The BIT (ECL) implementation will be completed in '89.  It is 60 VUPS
(they stressed that this assumed their usual conservative rating values)
and 12 Mflops on DP Linpack.  They expect that it will be used only in
servers and multi user machines, not workstations.  ECL gives a roughly
2:1 performance advantage.

A 33 MHZ version of the R3000 using 15ns RAMs will be available soon.

The R4000 (the next CMOS implementation) will sample in 11/89, and
systems will be shipping in 6/90.  It has an on chip I-cache.  This
information was given to Jim Brokish under NDA.  Otherwise, they
wouldn't say much about the implementation, but in more general terms
they indicated the trend was to on chip caches and issuing multiple
instructions per cycle.  They have extensively simulated "CPI < 1"
schemes.

The TLB miss penalty is 10-12 instructions, or 15-20 cycles.  They claim
that TLB misses cause only a 1% performance loss.  The fully associative
TLBs have only 64 entries, and there is no backup TLB.

Current implementations have a direct mapped write through D-cache.  The
advantage is that there is no need for error correction, MP protocols
are simpler, and stores can be done in one state (no need to read tags).
They take a penalty on byte/halfword writes.  They expect MP systems to
add a 2nd level write back cache to reduce bus traffic.

Performance on real math problems is strongly proportional to memory
bus bandwidth, not just the FPU design.

They handle denormalized numbers in software.

They say that synchronous RAMs give only a small frequency advantage.

CPU chip pricing is getting close to $10 per MIP over a certain range.
They expect today's products to sell for $50 per chip in '92 due to
competition among their semiconductor partners.

They passed around an R3000 board which made a strong impression.  It
was much smaller than a TopGun board, had many fewer layers, and used
single sided surface mount except for the two PGAs.

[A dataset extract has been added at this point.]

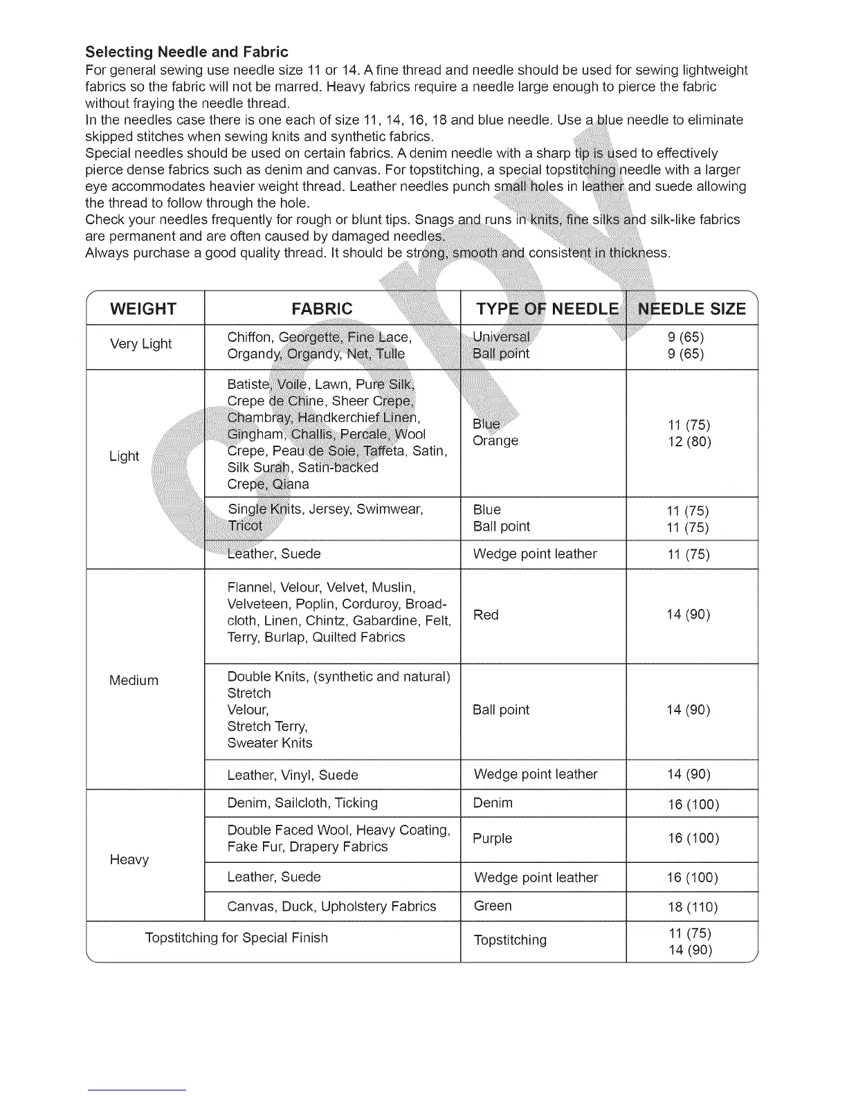 fabrics so the fabric will not be marred. Heavy fabrics require a needle large enough to pierce the fabric
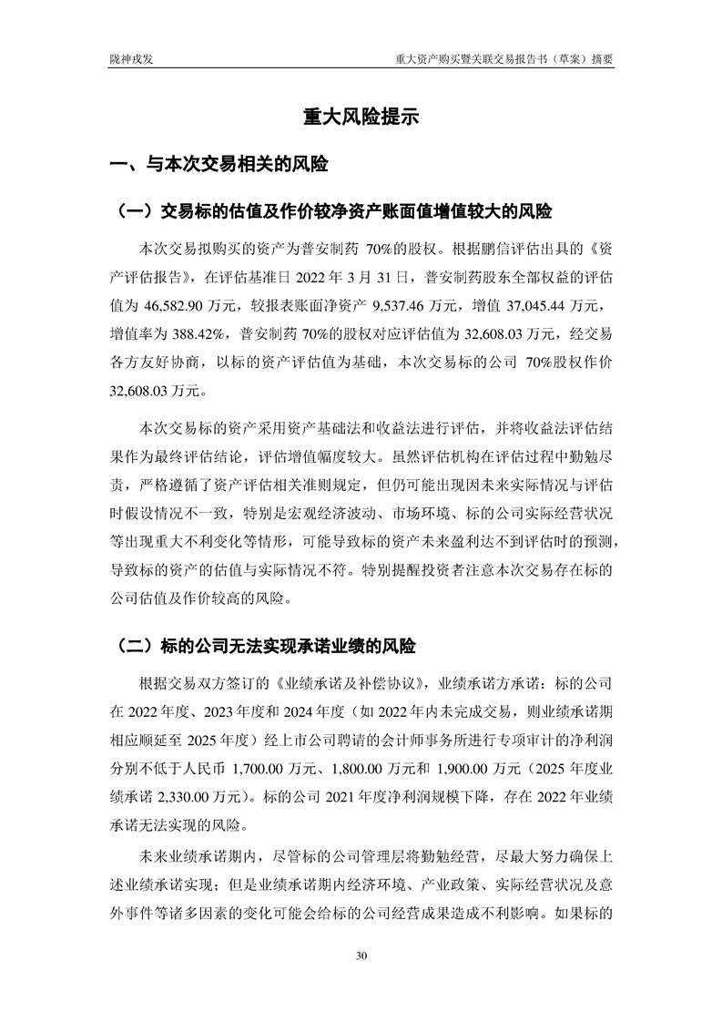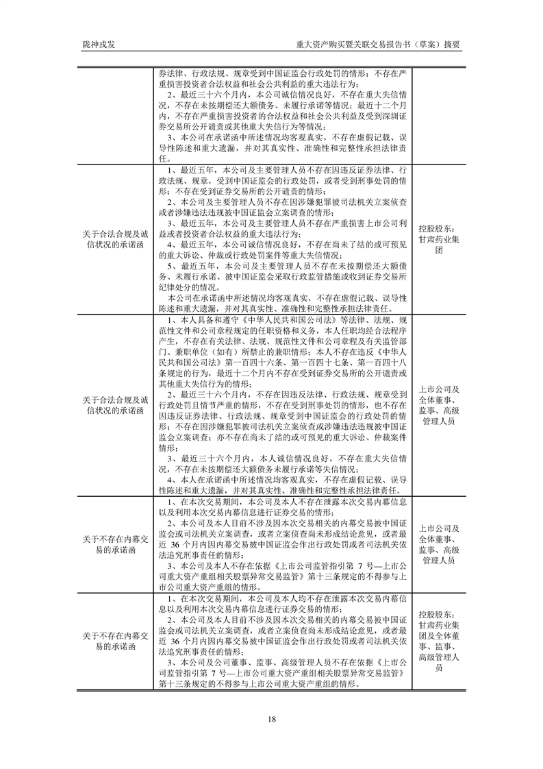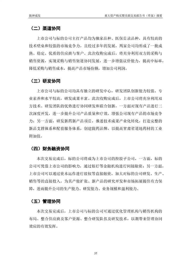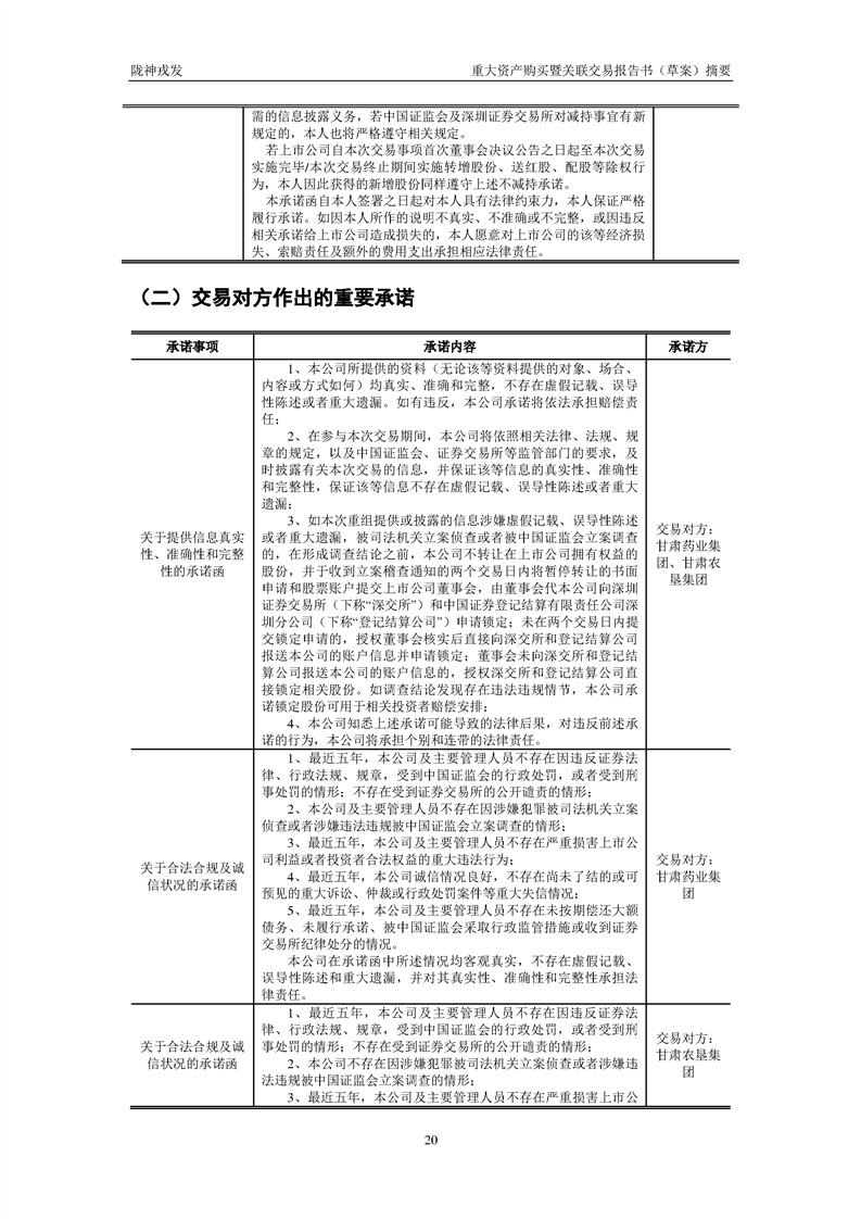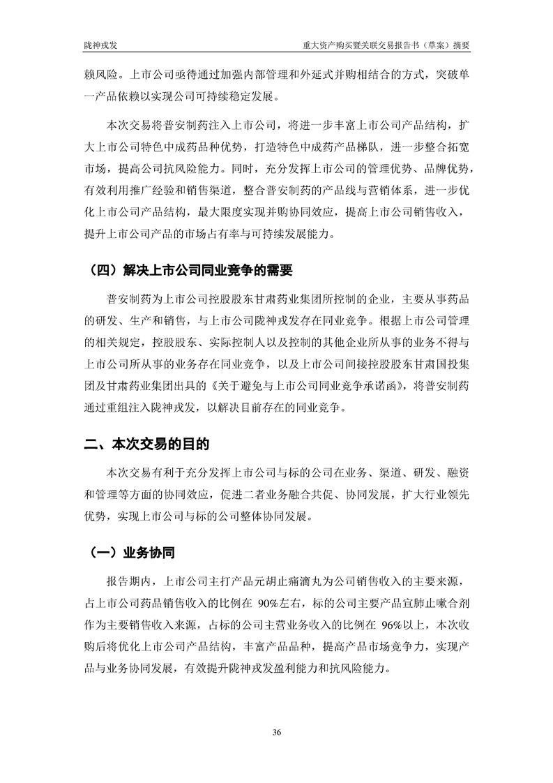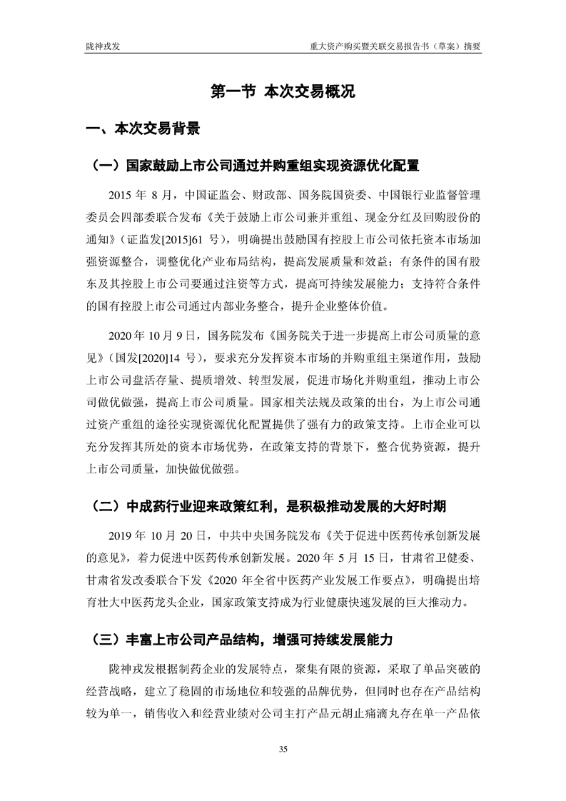 甘肅隴神戎發(fā)藥業(yè)股份有限公司重大資產(chǎn)購買暨關(guān)聯(lián)交易報(bào)告書(草案)摘要

They do a lot of phase muxing of pins, including the cache address, tag
and data busses.

Right now they use real caches, but they claim they can easily go to
virtual caches if and when it is necessary.


Design Methodology
------------------

Extensive behavioral simulation is used before tape release.  They boot
UNIX with their simulator!  The R3000 chip set had only one functional
bug (in the FPU).

Binning is used.

They have a goal of increasing clock rate 1.5 to 2X over the life of a
product with mask changes and compatible process enhancements.

They bragged about the thoroughness with which they perform VLSI
characterization and stress the functional design when samples are
available.  A lot of what they described sounded like our SEL and "phase
2" testing.  The time from getting R3000 samples to controlled shipments
of systems was around 3 months.

Their core tool set is Mentor Graphics running on Apollos.  The size of
their designs broke the tool set, but they seemed happy with Mentor's
responsiveness.  They also use HSPICE, ECAD's Dracula, and in house logic
simulators.


The Competition
---------------

The Apollo machine is a dead end due to poor performance and lack of
growth path.  It is 35% slower than the R3000 on a real math benchmark
(Doduc). 

A big shakeup is coming in the superworkstation market next year similar
to the shakeup in the minisuper market underway now.

The 33 MHZ Cypress implementation, for which 20 VUPS is claimed, is more
like 15-16 VUPS.


Compilers
---------

The compilers are clearly leadership.  They claim they are running
out of optimizations to implement.  

Scheduling of the floating point units is done by the compiler.  The
FPU doesn't even bother queueing instructions!  There are hardware
interlocks for those cases where the compiler doesn't have enough
instructions to schedule.  They may add compiler switches to specify
the target machine if the various implementations' optimization rules
diverge too far.

The people from the compiler lab seemed very impressed.

They have a utility to reorganize an object file based on run time
profiling data in order to reduce the I-cache miss rate (remember the
I-cache is one way).

Their compiler places about half as many instructions outside the
Linpack inner loop as our compiler.


UNIX
----

A binary licence for MIPS' OS and C compiler is only $300 per CPU, list
price.  A source licence for the OS is $50,000.